Mexican Chicken Avocado Soup

I was looking forward to this soup all day, and it didn't disappoint! It wasn't difficult, but took about 45 minutes from start to finish (partly because the chicken I was cooking was still partially frozen). This was tasty and the carb count is very low (9 grams per 1 cup of soup).

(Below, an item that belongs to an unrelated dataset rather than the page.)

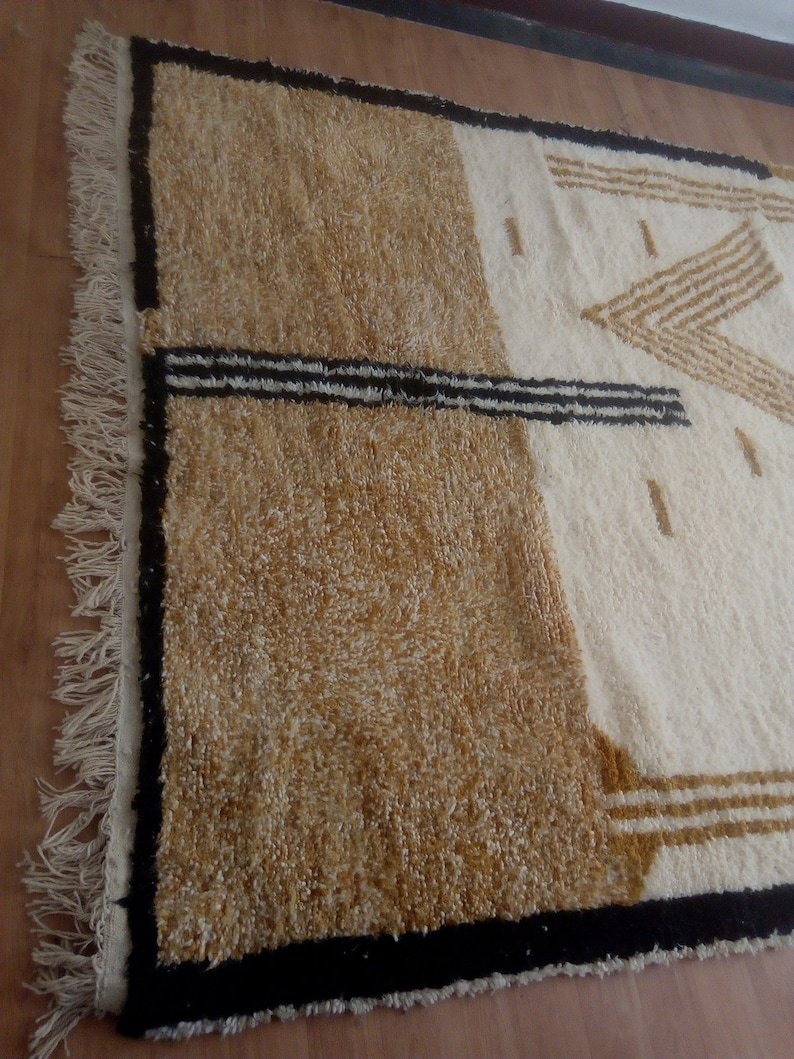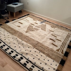 This handmade Beni Ourain Moroccan rug is a striking expression of traditional Berber artistry, blending symbolic geometric motifs with a warm, earthy color palette. Handwoven in Morocco by skilled Berber artisans, this rug reflects generations of craftsmanship rooted in the Atlas Mountains.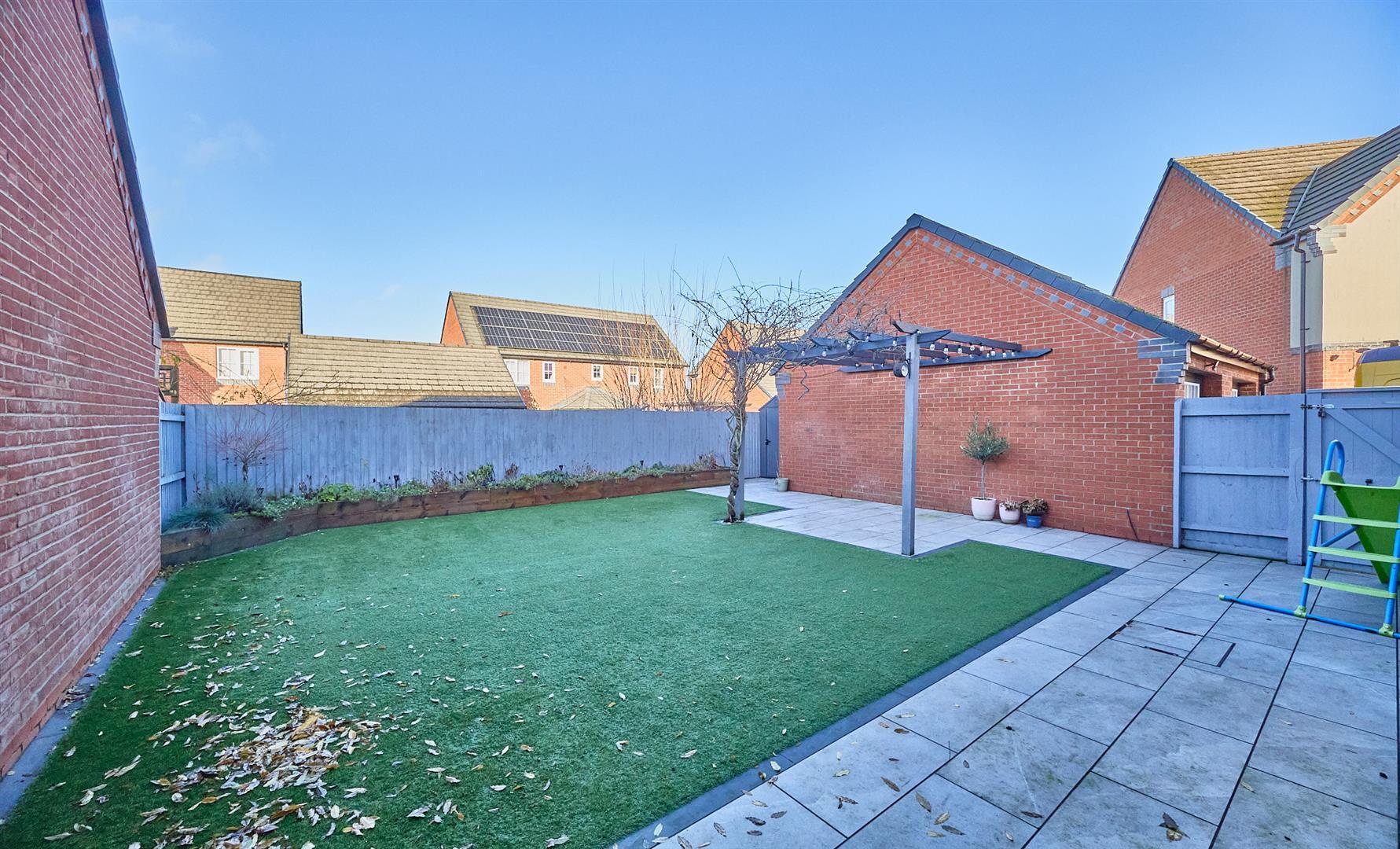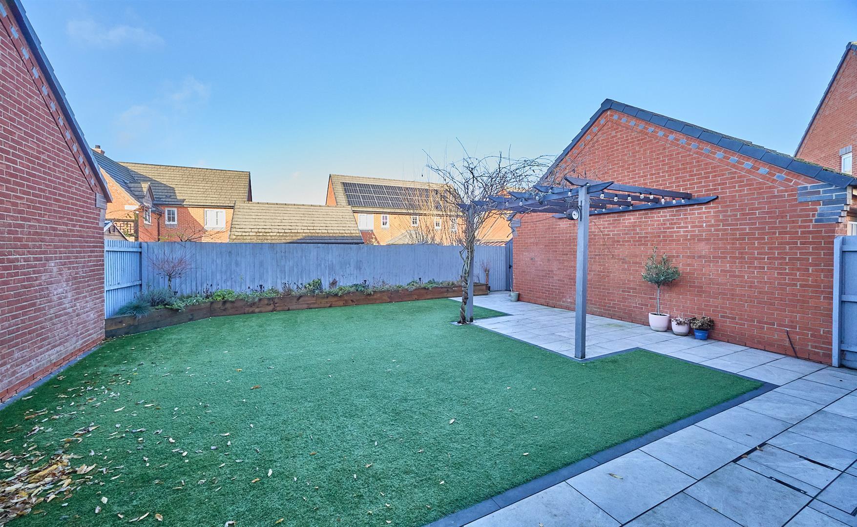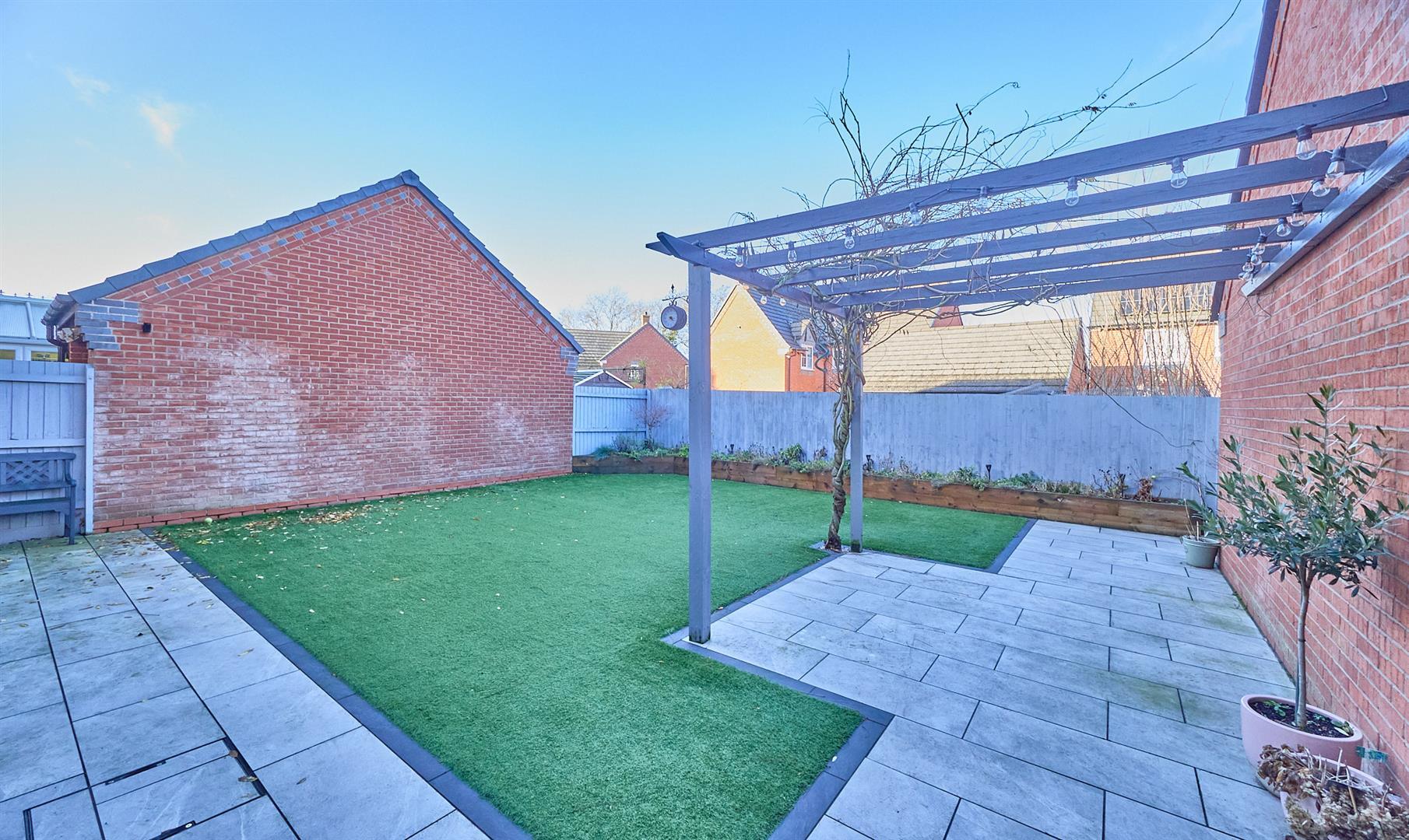 The property is set back from the road. The front garden is landscaped in slate chippings and shrubs. Tarmacadam driveway leads down the side of the property offering ample car parking to single brick build garage with up and over door to front. There is a pitch roof offering further storage, light and power. Timber gate offers access to the fully fenced and enclosed rear garden which has a full width slabbed patio adjacent to the rear of the property where there is an outside tap and light. Beyond which the garden is principally laid to lawn with surrounding well stocked beds and border. Further slabbed patio with surrounding pergola.

From Idiot's Guide to Low-Carb Cooking:

Mexican Chicken Avocado Soup


1 Tbsp olive oil
1 small onion, coarsely chopped
2 large garlic cloves, minced
1 Tbsp chili powder
2 tsp cumin
1/2 tsp dried oregano
6 cups chicken stock
1 tomato, diced
1.5 tsp salt
1 tsp sugar (or Splenda)
1/4 tsp pepper
1 lb chicken breasts or thighs
1/2 cup corn (I used frozen)
1 avocado, sliced

1. Heat olive oil in a skillet. Add onion and saute until onion is translucent. Add garlic, chili powder, cumin, and oregano. Stir for 1 minute.

2. Add chicken stock, diced tomato, salt, sugar, and pepper.  Bring to a boil. Add chicken. Simmer, covered, about 15 minutes or until chicken is cooked through. Remove chicken to a plate and cool slightly.

3.  Shred chicken (discarding skin and bones if there are any). Add corn to soup. Simmer until corn is tender. Add shredded chicken. Simmer for 1 minute. Ladle into soup bowls. Top with avocado slices.



We finished this with a green salad and cheese quesadillas.